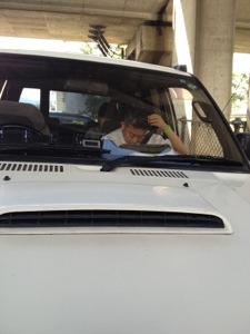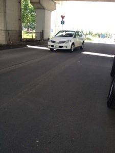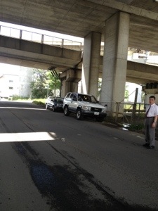 高架したに、なにやらあやしいのが二台。危険だ。 じつは、応募曲を選ぶため、車を止めているんだ。
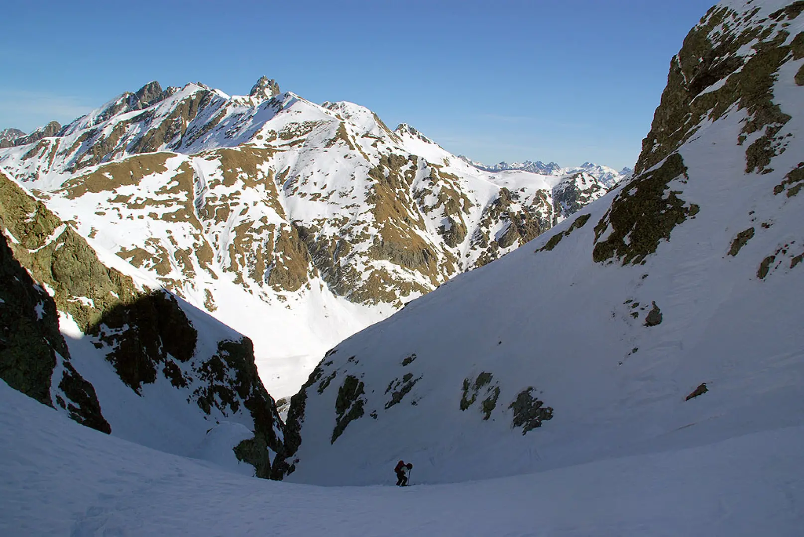 Dai parcheggi della stazione sciistica di Pescegallo (comune di Gerola Alta - SO) si imbocca la strada di servizio delle piste che a lunghi traversi e tornanti si porta in quota alla piana di Salmurano 1848m (presenza di ristoro). Da qui si segue sulla destra la linea di salita dell'unico skilift, fino alla stazione di arrivo superiore. A questo punto si lascia la civiltà e si imbocca verso destra un traverso poco pendente unable to parsehe conduce all'evidente intaglio del Passo Salmurano Occidentale 2017m (paline di segnalazione in loco). Qui bisogna togliere le pelli e scendere di 150m di quota - con bella sciata esposta a sud - fino all'ampia conca sottostante - Baita del Piano 1855m. Rimesse le pelli e accertatisi della tenuta dei pendii, ci si avvia a risalire l'evidente canalone in direzione ovest per tutta la sua lunghezza, con un tratto intermedio più riposante, fino al suo sbocco nei pressi della Bocchetta di Valpianella 2224m. Questo canalone - tratto chiave della salita - si trova per intero al di là del displuvio e quindi in provincia di Bergamo - Alta Val Brembana, è molto incassato e gelato, spesso le pelli sono al limite della tenuta e potrebbero venire utili i rampanti; BSA. Sbucati nei pressi della Bocchetta di Valpianella (esposizione sud) è necessario risalire con estrema attenzione e delicatezza il pendio che ci si ritrova sulla destra e che conduce in breve alla Cima dei Piazzotti Occidentale 2340m o Cima di Valpianella. Se il citato ultimo pendio risultasse di tenuta sospetta, conviene togliere gli sci e risalire il filo della cresta sud-est per la linea di massima pendenza fino in vetta, facendo attenzione alle eventuali cornici. Il panorama, visto l'isolamento su tre versanti della vetta, risulta amplissimo. La discesa può anche essere effettuata lungo il percorso di andata, ma con il grave difetto di dover risalire al Passo Salmurano. Il percorso più interessante, che se fattibile può anche arrivare ad una classificazione OSA, conduce inizialmente con divertenti scivolate su ampi pendii molto facili fino al visibile Rifugio Benigni 2222m, posto a fianco del ghiacciato e innevato Lago dei Piazzotti. A poche decine di metri dal rifugio si va ad imboccare con cautela il canale percorso dall'emissario del lago (inizio della discesa di Val Tronella); da qui l'esposizione è un nord con condizioni sempre ideali. I primi quaranta metri di dislivello sono il clou della discesa: pendenza fino a 40 gradi in un canale largo 3-4 metri, dove la neve anche se ben assestata spesso non fa buona presa sul ghiaccio di cascata sottostante; non sempre il canale è percorribile, o è percorribile con ramponi e piccozza. Superato questo tratto, il pendio, pur sempre sostenuto, si allarga e concede serpentine in neve vergine anche dopo ripetuti passaggi. Si prosegue lungo la Val Tronella incontrando i primi larici nei passaggi divertenti fra grandi massi innevati; si transita nei pressi de La Sorgente 1808m (piccola presa d'acqua per le Centrali elettriche della zona). Da qui si procede nel rado bosco fino alle Baite del Dossetto, punto di transito obbligato per rintracciare il sentiero - da imboccare verso destra - che attraverso un bosco breve ma molto tecnico conduce su aperti pendii in vista dei parcheggi della località di partenza.
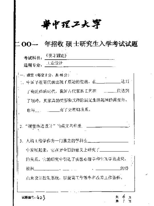 华中科技大学2001年考研真题-设计理论
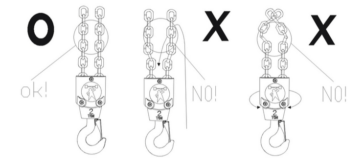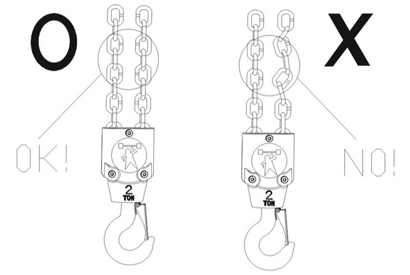 鏈條標(biāo)準(zhǔn)使用方法中嚴(yán)禁于兩鏈中間翻轉(zhuǎn)或左右旋。

**TASK DESCRIPTION**. Skip the pictures, then retype every line above exactly.

**EXERCISE RESULT**.
 高架したに、なにやらあやしいのが二台。危険だ。 じつは、応募曲を選ぶため、車を止めているんだ。
 Dai parcheggi della stazione sciistica di Pescegallo (comune di Gerola Alta - SO) si imbocca la strada di servizio delle piste che a lunghi traversi e tornanti si porta in quota alla piana di Salmurano 1848m (presenza di ristoro). Da qui si segue sulla destra la linea di salita dell'unico skilift, fino alla stazione di arrivo superiore. A questo punto si lascia la civiltà e si imbocca verso destra un traverso poco pendente unable to parsehe conduce all'evidente intaglio del Passo Salmurano Occidentale 2017m (paline di segnalazione in loco). Qui bisogna togliere le pelli e scendere di 150m di quota - con bella sciata esposta a sud - fino all'ampia conca sottostante - Baita del Piano 1855m. Rimesse le pelli e accertatisi della tenuta dei pendii, ci si avvia a risalire l'evidente canalone in direzione ovest per tutta la sua lunghezza, con un tratto intermedio più riposante, fino al suo sbocco nei pressi della Bocchetta di Valpianella 2224m. Questo canalone - tratto chiave della salita - si trova per intero al di là del displuvio e quindi in provincia di Bergamo - Alta Val Brembana, è molto incassato e gelato, spesso le pelli sono al limite della tenuta e potrebbero venire utili i rampanti; BSA. Sbucati nei pressi della Bocchetta di Valpianella (esposizione sud) è necessario risalire con estrema attenzione e delicatezza il pendio che ci si ritrova sulla destra e che conduce in breve alla Cima dei Piazzotti Occidentale 2340m o Cima di Valpianella. Se il citato ultimo pendio risultasse di tenuta sospetta, conviene togliere gli sci e risalire il filo della cresta sud-est per la linea di massima pendenza fino in vetta, facendo attenzione alle eventuali cornici. Il panorama, visto l'isolamento su tre versanti della vetta, risulta amplissimo. La discesa può anche essere effettuata lungo il percorso di andata, ma con il grave difetto di dover risalire al Passo Salmurano. Il percorso più interessante, che se fattibile può anche arrivare ad una classificazione OSA, conduce inizialmente con divertenti scivolate su ampi pendii molto facili fino al visibile Rifugio Benigni 2222m, posto a fianco del ghiacciato e innevato Lago dei Piazzotti. A poche decine di metri dal rifugio si va ad imboccare con cautela il canale percorso dall'emissario del lago (inizio della discesa di Val Tronella); da qui l'esposizione è un nord con condizioni sempre ideali. I primi quaranta metri di dislivello sono il clou della discesa: pendenza fino a 40 gradi in un canale largo 3-4 metri, dove la neve anche se ben assestata spesso non fa buona presa sul ghiaccio di cascata sottostante; non sempre il canale è percorribile, o è percorribile con ramponi e piccozza. Superato questo tratto, il pendio, pur sempre sostenuto, si allarga e concede serpentine in neve vergine anche dopo ripetuti passaggi. Si prosegue lungo la Val Tronella incontrando i primi larici nei passaggi divertenti fra grandi massi innevati; si transita nei pressi de La Sorgente 1808m (piccola presa d'acqua per le Centrali elettriche della zona). Da qui si procede nel rado bosco fino alle Baite del Dossetto, punto di transito obbligato per rintracciare il sentiero - da imboccare verso destra - che attraverso un bosco breve ma molto tecnico conduce su aperti pendii in vista dei parcheggi della località di partenza.
 华中科技大学2001年考研真题-设计理论
 鏈條標(biāo)準(zhǔn)使用方法中嚴(yán)禁于兩鏈中間翻轉(zhuǎn)或左右旋。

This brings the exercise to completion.